Question

A comet passes Earth over its equator. Pictures are taken of it from Earth's north and south poles simultaneously. In these pictures, the position of the asteroid differs by 0.05°. How far away was the asteroid from Earth when the pictures were taken?

A. 0.00087 Earth diameters

B. 1,100 Earth diameters

C. 45,000 Earth diameters

D. 4,100,000 Earth diameters

Answer 1

Option B. 1,100 Earth diameters

Solution:

Angular position of steroid,
`\theta = 0.05^(\circ) = 8.726* 10^(-4) radians` (given)

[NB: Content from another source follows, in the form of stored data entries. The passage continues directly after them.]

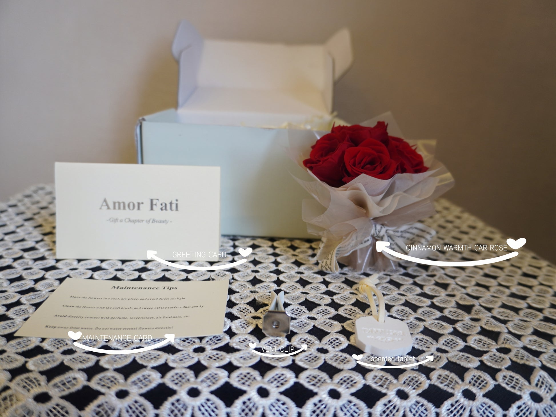 Transform your car's interior with our Cinnamon Warmth Car Rose. These exquisitely preserved blooms, boasting rich cinnamon and red tones, not only serve as a charming decor but also emit a subtle, comforting aroma. Let every journey be wrapped in warmth and style, as if embraced by a gentle, fragrant hug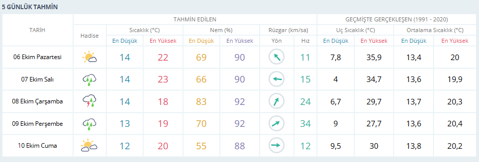 Meteoroloji Genel Müdürlüğü tarafından yapılan tahminlere göre: Yurdun kuzey ve batı kesimlerinin parçalı, yer yer çok bulutlu, Marmara'nın batısı ve Kıyı Ege ile Kocaeli, Yalova ve Bursa çevrelerinin sağanak ve yer yer gökgürültülü yağışlı, diğer yerlerin az bulutlu ve açık geçeceği tahmin ediliyor. Yağışların akşam saatlerinden sonra Marmara'nın batısı ile Kuzey Ege kıyılarında yerel kuvvetli olması bekleniyor.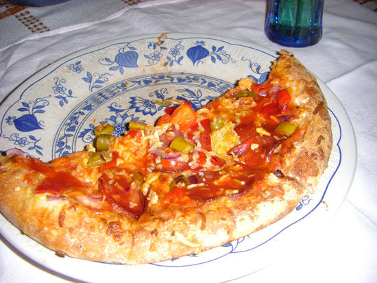 Um 21:00 fuhr ich mit der Bahn nach Hause, wurde an der Tankstelle abgeholt. Dann eine Pizza mit extra Pepperoni und Käse. Sehr gut.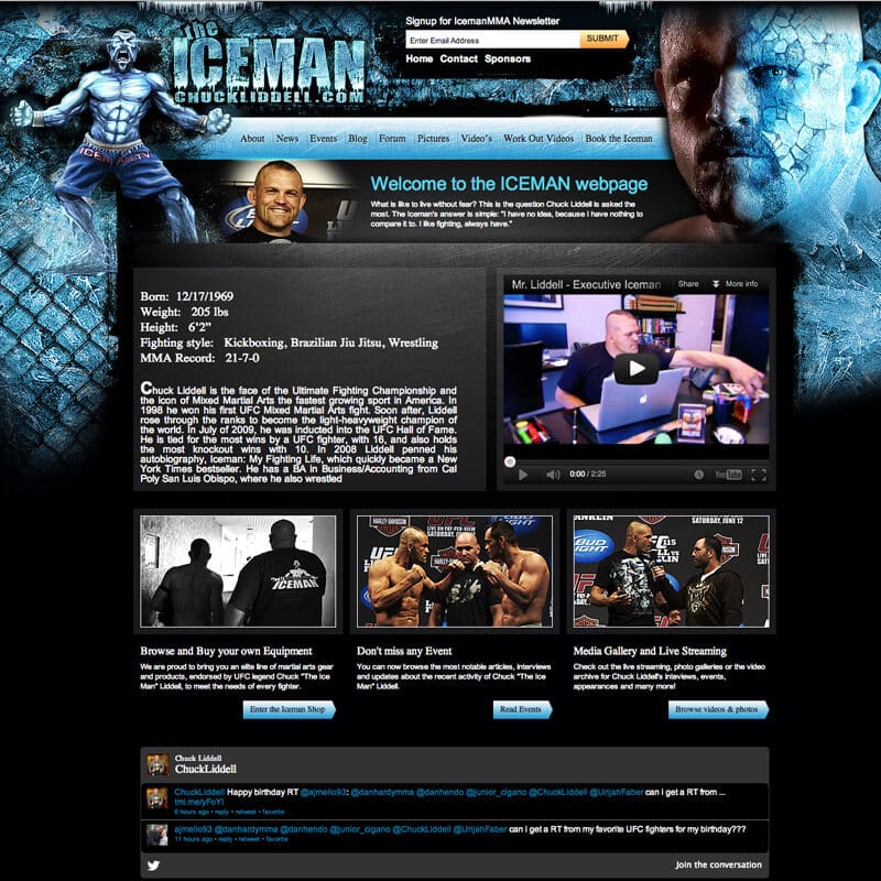 I had the privilege of working with UFC legend, Chuck Liddell’s marketing team to create the graphics and illustration for his official website. Nicknamed The Iceman, the natural direction was to design the site with chunks of flying ice and cool colors.

To calculate the distance of asteroid, we use parallax method given as:

`\theta = (arc length(l))/(radius(R))` (1)

where,

From the relation:

l =
`\theta * R`

we get:

distance(d) or R =
`(Earth diameter)/(\theta)`

distance(d) or R =
`(2* radius of earth)/(\theta)`

d =
`(2* 6350000)/(8.726* 10^(-4))`

distance, d =
`1.455* 10^(10) m`

Comparing it with Earth's diameter:

d =
`(1.455* 10^(10))/(2* 6350000) = 1,146`

Since, the value is close to 1,100 Earth diameters, therefore, option B is the right answer.